A mais recente edição do curso de Diplomacia Científica da Academia Mundial de Ciências (TWAS, na sigla em inglês) e da Associação Americana para o Avanço da Ciência (AAAS, na sigla em inglês) foi uma oportunidade rara para integrar ciência e políticas públicas orientadas aos Objetivos de Desenvolvimento Sustentável (ODS/SDGs) das Nações Unidas.
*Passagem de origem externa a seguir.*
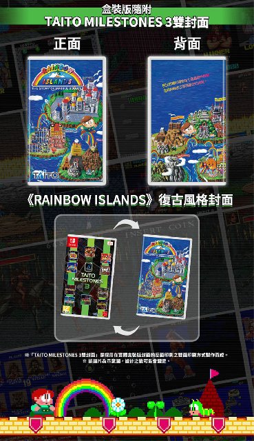《TAITO MILESTONES 3》中文实体盒装版随附的双封面其中一种是以本作收录的游戏《RAINBOW ISLANDS》为主题特别设计的封面,购买者可使用自己喜欢的设计来更换《TAITO MILESTONES 3》的封面。
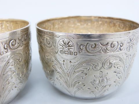A pair of Victorian hallmarked silver bowls or wine cups with acanthus leaf decoration, Sheffield 1861, maker Jay, Richard Attenborough Co Ltd, diameter 8cm, 129g
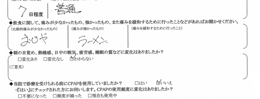 Q.術後、強い痛みは何日程度続きましたか?また、痛みの度合いについて具体的なご意見をお聞かせください。
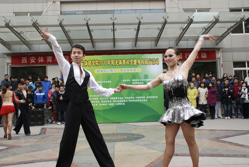 12月15日下午,由国家体育总局青少年体育司、教育部体卫艺司主办,国家体育总局体育科学研究所、体育管理在线共同承办,陕西省体育局协办的“2010年阳光体育科学健身校园行”活动在我院校园举行。本次活动以“走向操场,走到阳光下,积极参加体育锻炼”为主题,共分为健身知识展示、健身科学大讲堂、阳光体育展示三大部分。
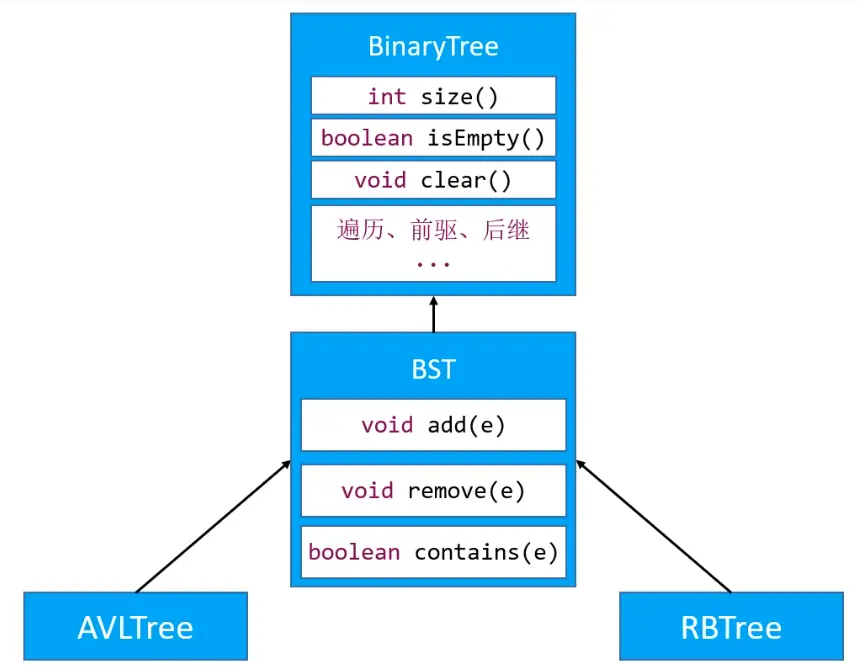 通过前面章节,我们已经了解了二叉搜索树,AVL树和红黑树是在二叉搜索树的基础上,进行了优化,因此有以下的继承结构,通过该结构,可以继续实现AVL树
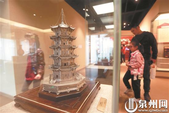 泉州锡雕工艺历史悠久,对于杨氏锡雕而言,创新和传承同样重要。非遗馆里陈列着杨家第五代传承人杨峰岩、杨峰峪创作的镇国塔、紫禁城角楼等锡雕作品,也有第六代杨婉红和杨曙宏的锡盘、锡杯等作品。“锡原料十分软,如果用机器成形,很容易变形。所以几百年来,我们都采用手工制作,柔软的锡通过反复锤炼打磨和精心雕刻,呈现出不同形状,有了美丽的纹路。”
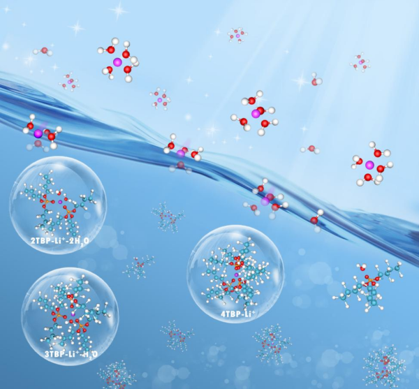 水合鋰離子與磷酸三丁酯(TBP)絡合機理示意圖

Os participantes são escolhidos em pares com um cientista e um tomador de decisão (policy maker). São dez pares, ou seja, 20 selecionados entre mais de 800 inscrições. Um deles foi Clécio De Bom, membro afiliado da Academia Brasileira de Ciências (ABC), que é professor do Centro Brasileiro de Pesquisas Físicas (CBPF) e lidera o Laboratório de Inteligência Artificial Aplicada (Labia). Clécio formou par com o físico e diplomata de carreira Ernesto Mané Jr., escritor brasileiro e guineense, cuja participação ganhou relevo tanto pela trajetória em ciência de fronteira quanto pela defesa de uma cooperação internacional mais voltada à soberania tecnológica.
Ao longo do programa, módulos práticos e painéis com diplomatas, gestores e pesquisadores exploraram desde negociação multilateral e desenho regulatório até mecanismos de financiamento e governança para ciência aberta. “A conexão com organismos multilaterais, como a Unesco, e com formuladores de políticas públicas ampliou nosso conhecimento sobre como transformar evidência científica em ação pública, com foco em agendas como segurança alimentar, recursos hídricos, saúde universal e transição digital”, relatou o físico.
De Bom enfatizou a importância estratégica de reposicionar a cooperação Sul–Sul. Em sua avaliação, ainda há excesso de foco em problemas ligados a recursos naturais, enquanto tecnologias emergentes — como computação de alto desempenho, IA e plataformas abertas — seguem menos exploradas como vetores de competitividade e desenvolvimento sustentável. “É grande o risco de dependência tecnológica quando a infraestrutura de ponta permanece concentrada em grandes empresas globais. As iniciativas de cooperação devem priorizar investimentos compartilhados, formação de quadros e infraestruturas digitais que reduzam assimetrias”, defendeu o Acadêmico.
Ele ainda resgata um ponto sensível para o Sul Global: a histórica distinção entre ciências experimentais (mais custosas) e teóricas já não protege a produção de conhecimento, porque restrições de hardware e poder computacional hoje afetam igualmente a pesquisa teórica. De Bom avalia que, nesse cenário, limitar-se à teoria significaria abrir mão de competitividade tecnológica e de autonomia para formular políticas baseadas em evidências.
“O que o curso da TWAS-AAAS oferece é justamente o repertório para discussões que permitam uma mudança de paradigma “, apontou Clécio de Bom. “É nos fazer sair do papel reativo frente às assimetrias entre Norte e Sul global e pensar proativamente o futuro científico e tecnológico, alinhando diplomacia, ciência e desenvolvimento”, resumiu o físico. Para ele, a iniciativa TWAS–AAAS habilita lideranças científicas a negociar, aconselhar e acompanhar políticas alinhadas aos ODS, quando aproxima pesquisadores das instâncias decisórias e da arquitetura multilateral, com impacto mensurável e foco em desenvolvimento sustentável e soberano.